Transcribed from the Ellensburg Daily Record, Ellensburg, WA, December 1, 1947, pages 1, 4:
Eight Dead in Seattle Crash; Blame Brakes
Twenty-One Escape from Flaming Wreckage of Alaska Plane; Blind Woman Dies In Car Hit By Ship
SEATTLE, Dec. 1–(AP)– The pilot of a four-engined Alaska Airlines transport plane which crashed and burned at the Seattle-Tacoma airport blamed the crash today on failure of the hydraulic brakes to “take the slightest hold.” Eight persons died and two others were in critical condition as a result of the accident late yesterday.
The pilot, Capt. James E. Farris, 37, of Seattle, told the Seattle Times that the DC-4 plane landed at a speed of approximately 100 miles an hour, “rolled like it was on a bed of ball-bearings” until it leaped a 60-foot embankment at the end of the airport runway. It crashed into an automobile on the highway below, killing a blind woman in the car.
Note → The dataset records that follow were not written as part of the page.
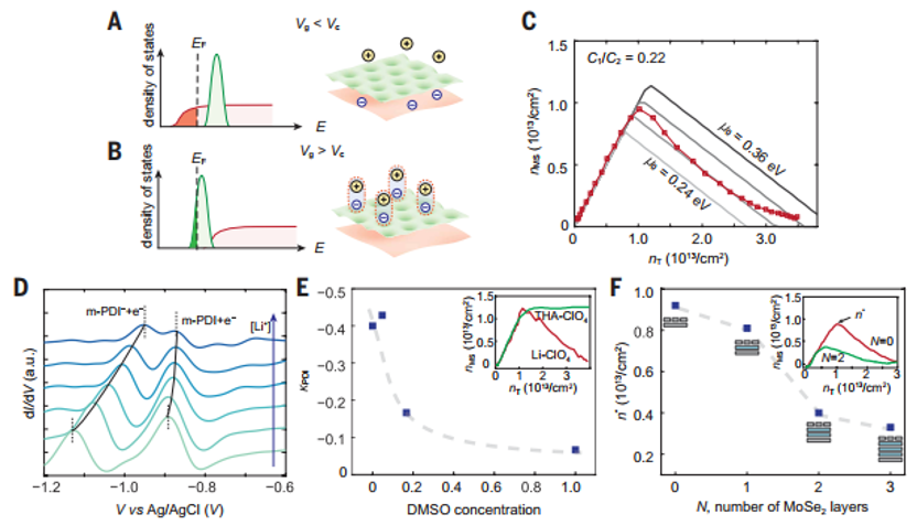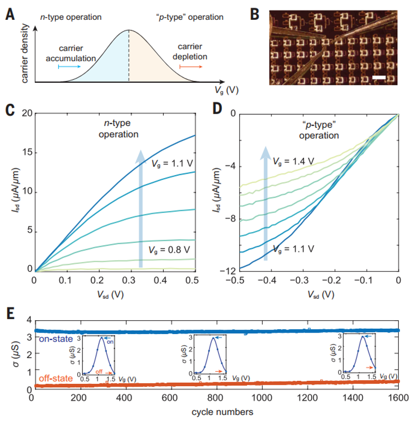 1.可控的载流子局域化及其可逆过程实现了新型晶体管工作模式(图4)。传统场效应晶体管的载流子类型和工作模式由掺杂剂固定,而本文的离子耦合双层晶体管具有单能级双极性特性,其独特之处在于能在单一导带内同时实现电子积累(n型工作)与耗尽(“p型”工作)(图4A)。这与传统双极性晶体管同时涉及导带电子和价带空穴的机制有本质区别。在较低栅压下电荷处于离域态传导电流,而在较高栅压下偶极子形成导致电荷局域化,从而耗尽移动电荷。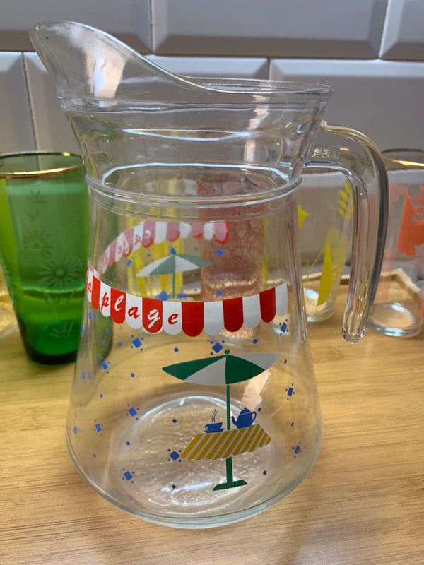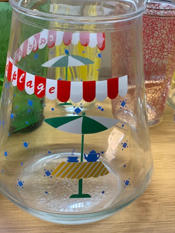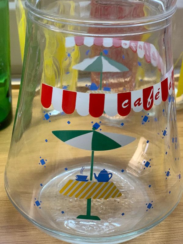Grand pichet vintage avec motif de « thé au jardin » (parasol, nappe jaune, théière et tasse avec contenant chaud) et mention Café de la plage…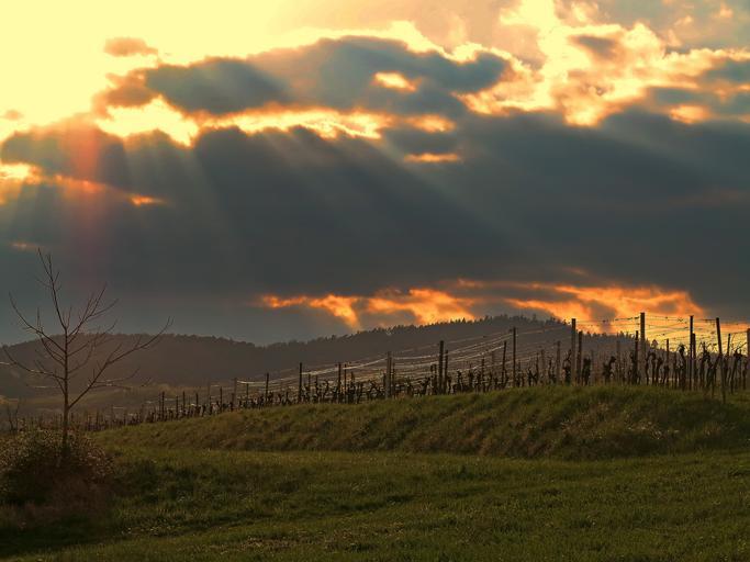 Keywords: sunset sun vineyard wingert afterglow klingenmünster palatinate southern wine route sky clouds evening sky abendstimmung romantic setting sun romance

The plane was flying from Anchorage, Alaska, to Seattle.
It had 28 persons aboard, 25 passengers and a crew of three.
The list of dead rose to eight with the death in the New Renton hospital of 44-year-old Jonas E. Johnson of Palmer, Alaska. His 21-month-old son, Gordon, died yesterday in the plane’s wreckage. Mrs. Johnson had been treated for burns and released from the hospital.
Two Still Critical
Two passengers were reported in critical condition at the New Renton hospital and two were listed as unsatisfactory at Harborview County hospital.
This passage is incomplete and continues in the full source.